Na pesquisa de doutorado realizada por ele, o racismo ambiental está associado a indicadores como raça, classe social e segregação urbana. Ele chama atenção para que o debate sobre as áreas de risco seja atravessado também por uma abordagem étnico racial de quem ocupa esses locais. O objetivo, segundo ele, é jogar luz nessas questões, “que não podem ser vistas exclusivamente como naturais”.

“O próprio mapeamento desenvolvido pela Defesa Civil, em que são considerados fatores como: número de ocorrências registradas, tipo de solo, declividade e grau de ocupação revelam algo marcante. Quando o mapa é observado, há diferença entre a região central de Juiz de Fora e os bairros do entorno, localizados na margem direita do Rio Paraibuna, com os bairros da Zona Leste, que estão na margem esquerda.

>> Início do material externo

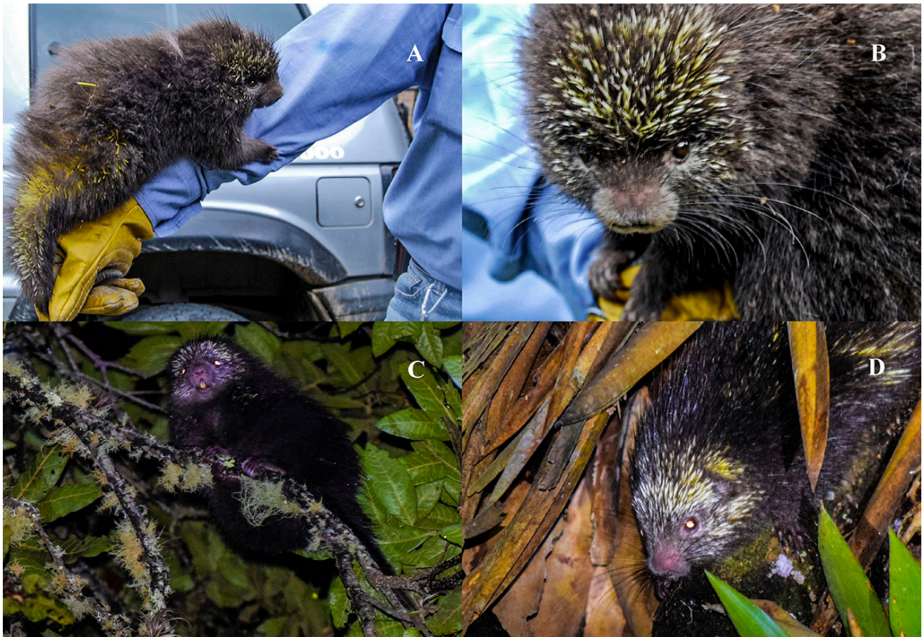
Figura 1. Registros recientes de Coendou vestitus en Boyacá, Colombia. A-B, individuo de Villa de Leyva (2015); C-D, individuo de Gachantivá (2018). Nótese el tamaño corporal pequeño, la cola corta, el pelaje dorsal largo de color negruzco que oculta las espinas de manera parcial, y las cerdas bicolors.

Figure 1. Recent records of Coendou vestitus in Boyacá, Colombia. A-B, individual from Villa de Leyva (2015); C-D, individual from Gachantivá (2018). Note the small body size, short tail, long blackish dorsal fur concealing the quills, and bicolored bristle-quills.

No último caso, ele aponta que a ocupação das áreas de risco é historicamente realizada pela população majoritariamente negra.

PUBLICIDADE

Articulação entre setores

A doutora em Saneamento, Meio Ambiente e Recursos Hídricos Nathalia Roland reitera a necessidade de uma interlocução entre a engenharia e as demais áreas das ciências humanas em que o conceito de “racismo ambiental” é debatido. “Na área de engenharia é muito comum uma abordagem tecnocêntrica, bastante voltada à execução de obras físicas. No entanto, além das obras, são necessárias também medidas de gestão, relacionadas à sustentabilidade das políticas públicas”, explica, sobre um possível caminho para que as populações mais vulneráveis sejam atendidas pelos serviços públicos.

No que tange a ação de órgãos públicos, a identificação das particularidades dos locais, bem como as pessoas em áreas de vulnerabilidade social serem prioritárias são alguns dos aspectos apresentados pela professora de Engenharia Sanitária e Ambiental, da Universidade Federal de Juiz de Fora (UFJF). Ela indica o reconhecimento dos déficits como um pilar para que as políticas públicas sejam desenvolvidas a partir disso.